**Assigned task**
Please write out exactly the line containing "Focus Group Participant" below and every line after it, through the last one, but leave out any pictures.

**Source information**
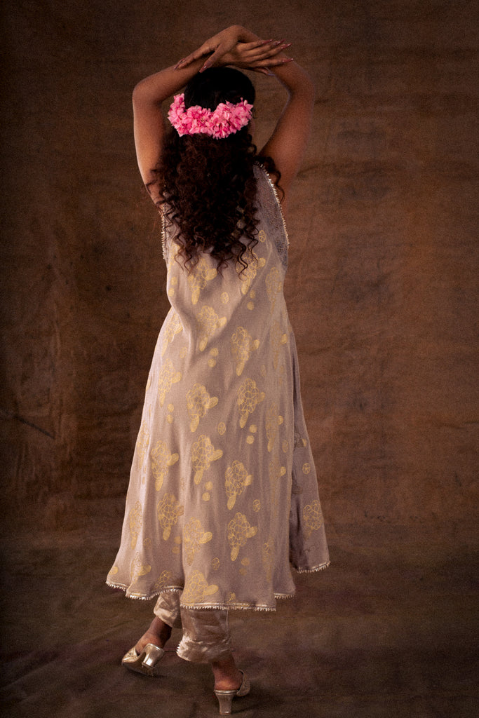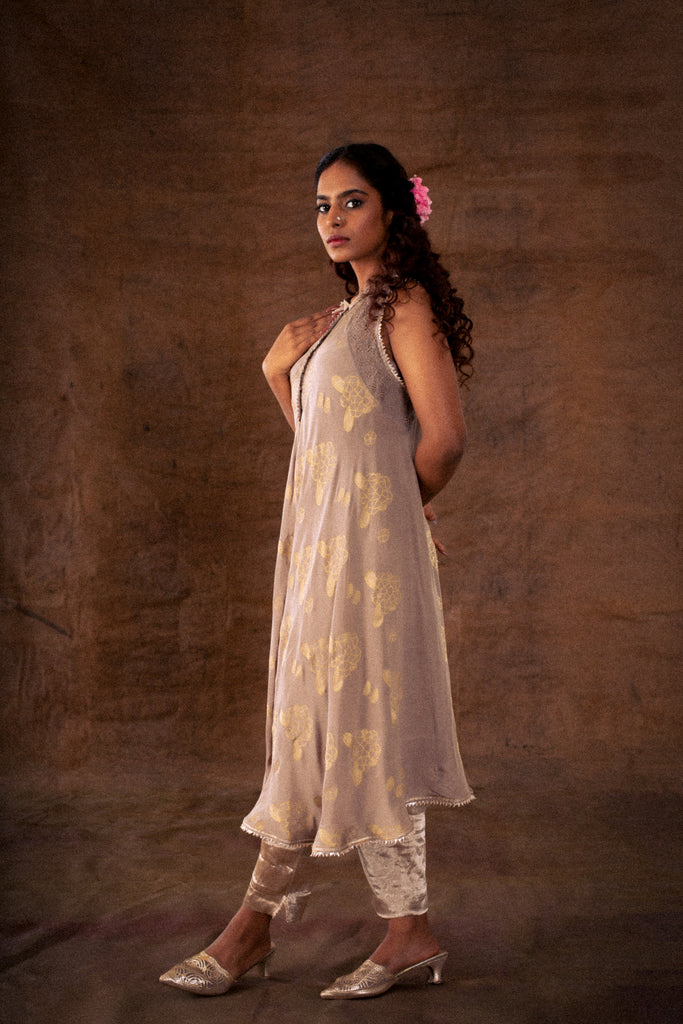 Be it a festival, a wedding, or any other occasion, this metalic grey crepe top with a woven cluster of flowers and cutwork will surely make a statement for you.
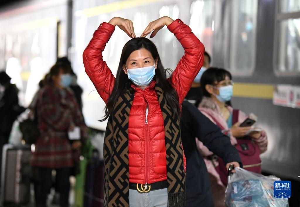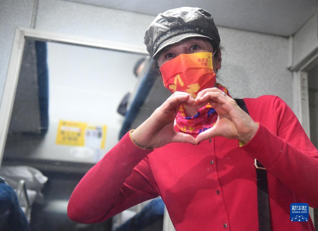 10月29日,一名滯留游客離開額濟(jì)納旗時(shí),在列車車廂里用雙手比劃出“愛心”。新華社發(fā)(王磊 攝)
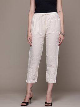 Women Cotton Fabric Chikankari White Colour Palazzo
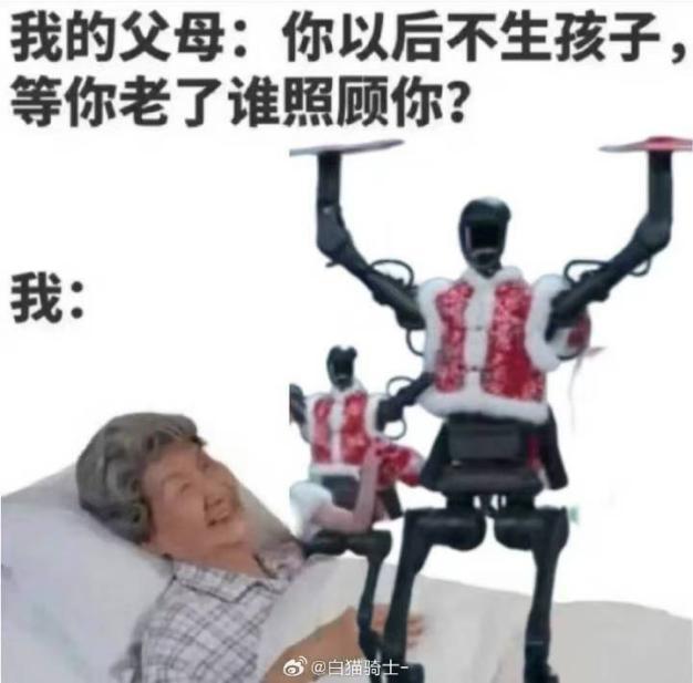 甚至在春节期间应对父母催婚催生的原因都有:不用担心老了没人照顾我,然后机器人当保姆。
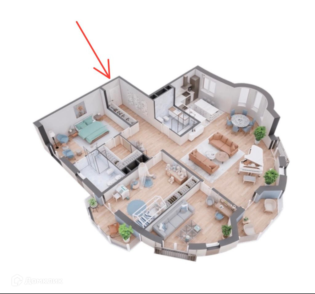 Две мастер спальне по 20м2, детская с панорамным остеклением в пол, ванная комната с окном.
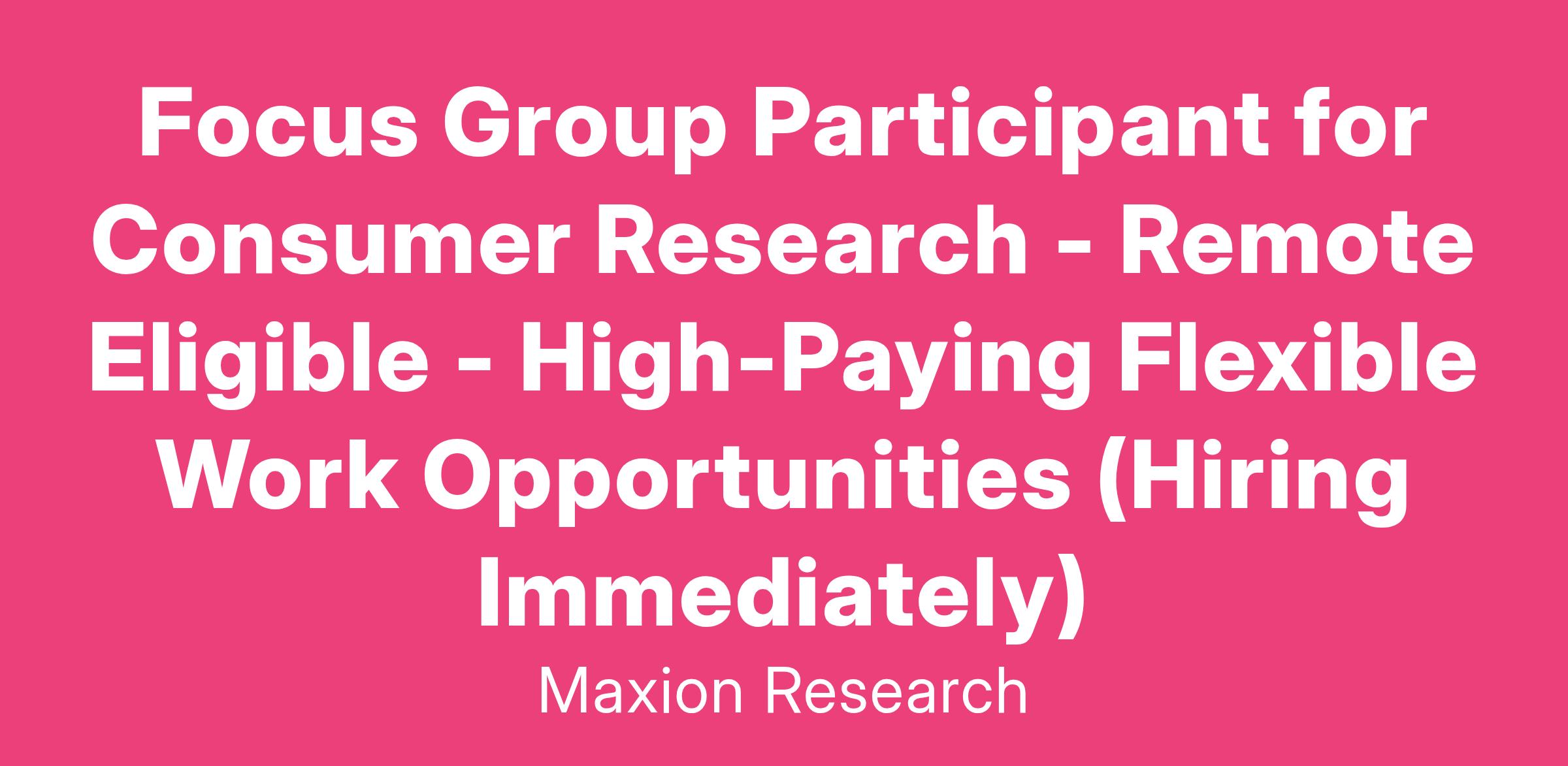 Focus Group Participant for Consumer Research - Remote Eligible - High-Paying Flexible Work Opportunities (Hiring Immediately)
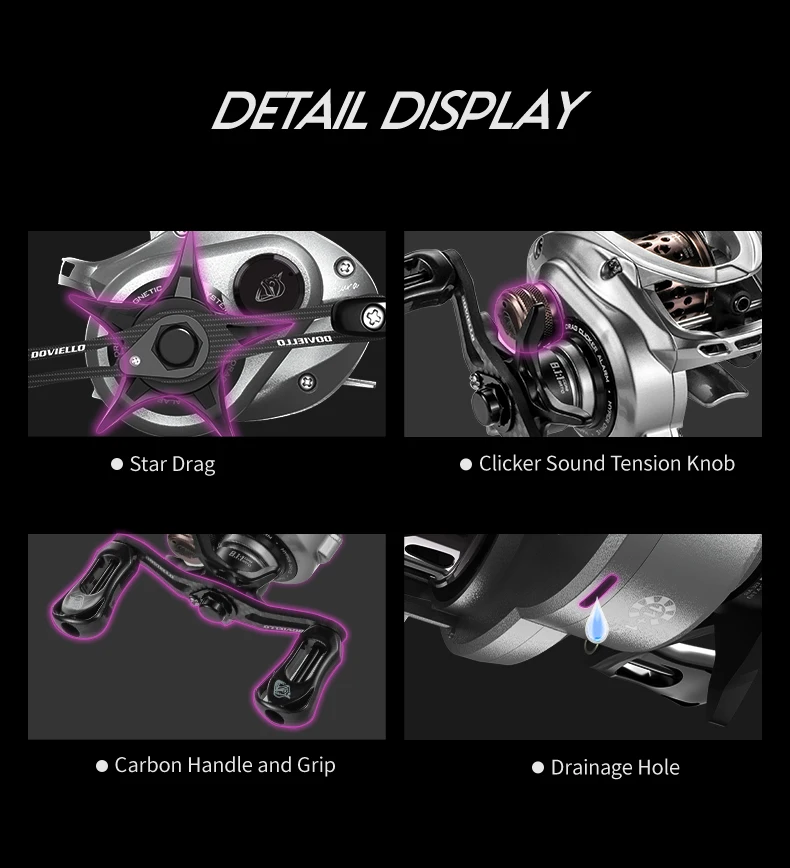 4.Innovative Drag Clicker Sound Kit-Just like many other of our products, we have also installed drag cliker kit in HICC-50′ small body,which is very rare to see on other fishing reel brands, the kit makes baitcasting reel automatically alarm”dadada”sound when fish bite the lure, help you detect every fish nibble signal no matter how small signal is,decrease the chance of loss fish

**Exercise answer**
 Focus Group Participant for Consumer Research - Remote Eligible - High-Paying Flexible Work Opportunities (Hiring Immediately)
 4.Innovative Drag Clicker Sound Kit-Just like many other of our products, we have also installed drag cliker kit in HICC-50′ small body,which is very rare to see on other fishing reel brands, the kit makes baitcasting reel automatically alarm”dadada”sound when fish bite the lure, help you detect every fish nibble signal no matter how small signal is,decrease the chance of loss fish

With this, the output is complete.